EXERCISE PROMPT:
The lines below, from the one holding "豪華是C-X17內(nèi)" through the one holding "Iklan Jawatan Kosong", are to be restated word for word, with all images left out.
*** INFORMATION GIVEN ***
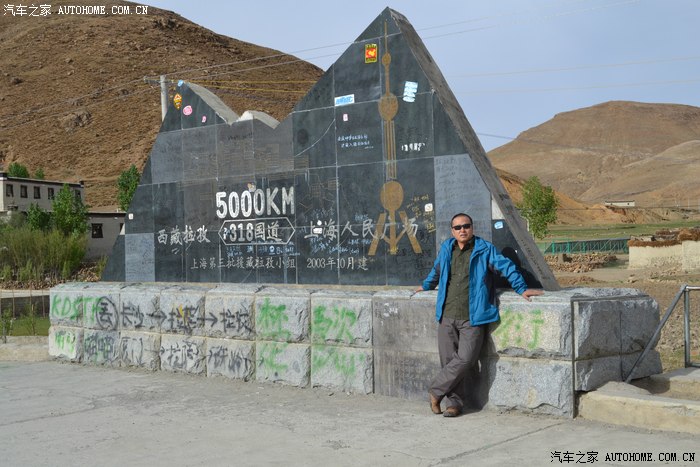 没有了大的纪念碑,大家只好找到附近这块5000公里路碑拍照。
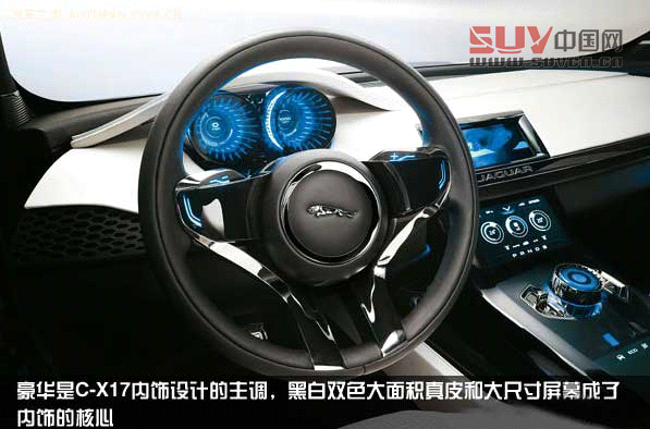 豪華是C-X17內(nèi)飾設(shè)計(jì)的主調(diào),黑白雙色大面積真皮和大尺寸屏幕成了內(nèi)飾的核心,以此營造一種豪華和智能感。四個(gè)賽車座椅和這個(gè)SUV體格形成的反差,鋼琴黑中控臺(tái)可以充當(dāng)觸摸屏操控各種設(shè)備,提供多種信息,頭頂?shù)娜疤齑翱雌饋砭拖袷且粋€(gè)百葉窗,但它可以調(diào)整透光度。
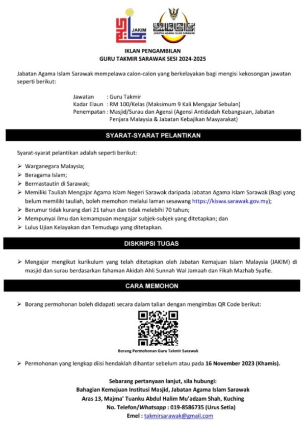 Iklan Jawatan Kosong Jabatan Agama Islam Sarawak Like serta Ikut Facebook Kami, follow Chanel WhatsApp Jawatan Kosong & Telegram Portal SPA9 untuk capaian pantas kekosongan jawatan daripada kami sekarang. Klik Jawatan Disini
*** End of INFORMATION GIVEN ***
*** INFORMATION GIVEN ***
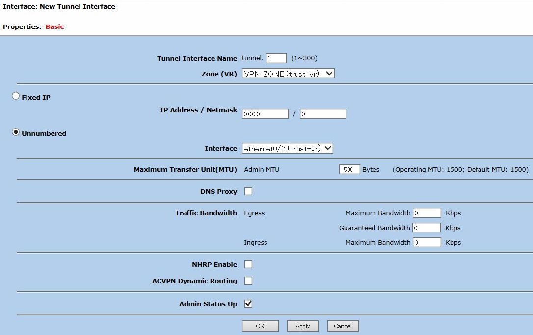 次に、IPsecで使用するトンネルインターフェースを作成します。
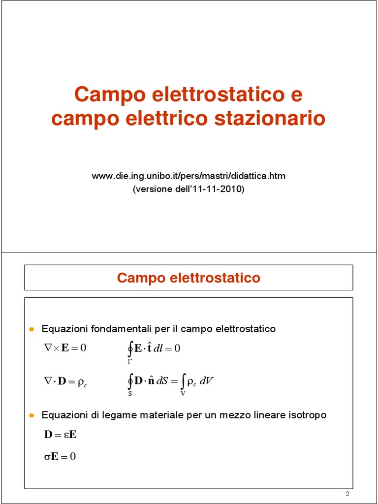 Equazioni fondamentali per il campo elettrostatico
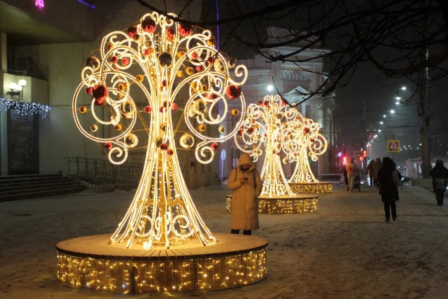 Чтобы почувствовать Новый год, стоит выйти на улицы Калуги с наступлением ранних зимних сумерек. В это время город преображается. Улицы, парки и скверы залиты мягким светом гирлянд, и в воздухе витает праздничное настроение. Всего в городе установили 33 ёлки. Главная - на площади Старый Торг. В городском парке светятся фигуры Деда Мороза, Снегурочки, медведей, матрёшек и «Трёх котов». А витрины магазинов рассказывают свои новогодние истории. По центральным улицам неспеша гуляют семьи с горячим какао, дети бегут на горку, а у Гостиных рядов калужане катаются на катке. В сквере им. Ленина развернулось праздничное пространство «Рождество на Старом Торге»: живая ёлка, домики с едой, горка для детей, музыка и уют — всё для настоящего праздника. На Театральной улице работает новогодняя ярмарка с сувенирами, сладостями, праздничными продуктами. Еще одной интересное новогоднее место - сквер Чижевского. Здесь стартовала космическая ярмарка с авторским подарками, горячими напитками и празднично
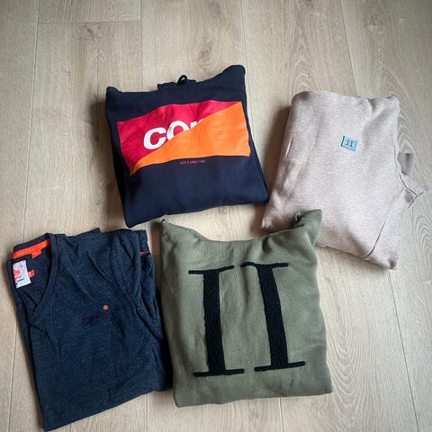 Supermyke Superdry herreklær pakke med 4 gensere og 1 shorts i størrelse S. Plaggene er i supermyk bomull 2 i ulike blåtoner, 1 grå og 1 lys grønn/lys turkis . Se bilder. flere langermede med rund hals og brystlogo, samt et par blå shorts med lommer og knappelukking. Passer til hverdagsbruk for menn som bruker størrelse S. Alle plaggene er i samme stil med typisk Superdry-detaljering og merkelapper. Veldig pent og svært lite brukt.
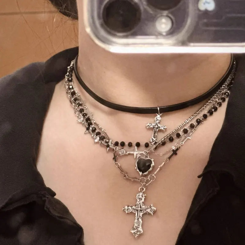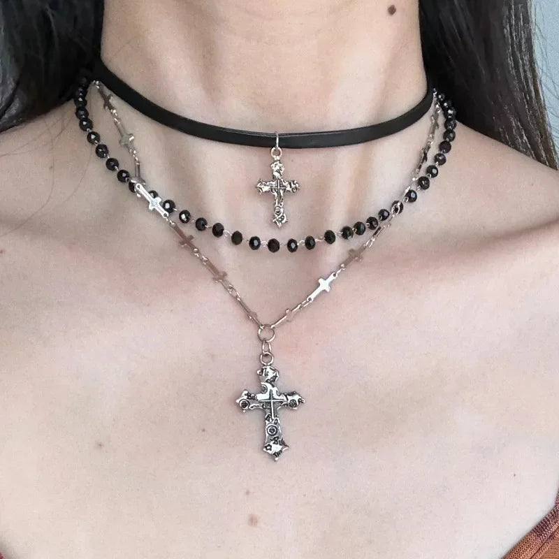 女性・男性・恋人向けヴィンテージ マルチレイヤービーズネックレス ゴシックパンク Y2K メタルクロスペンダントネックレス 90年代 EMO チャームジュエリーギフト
*** End of INFORMATION GIVEN ***
TASK RESULT:
 豪華是C-X17內(nèi)飾設(shè)計(jì)的主調(diào),黑白雙色大面積真皮和大尺寸屏幕成了內(nèi)飾的核心,以此營造一種豪華和智能感。四個(gè)賽車座椅和這個(gè)SUV體格形成的反差,鋼琴黑中控臺(tái)可以充當(dāng)觸摸屏操控各種設(shè)備,提供多種信息,頭頂?shù)娜疤齑翱雌饋砭拖袷且粋€(gè)百葉窗,但它可以調(diào)整透光度。
 Iklan Jawatan Kosong Jabatan Agama Islam Sarawak Like serta Ikut Facebook Kami, follow Chanel WhatsApp Jawatan Kosong & Telegram Portal SPA9 untuk capaian pantas kekosongan jawatan daripada kami sekarang. Klik Jawatan Disini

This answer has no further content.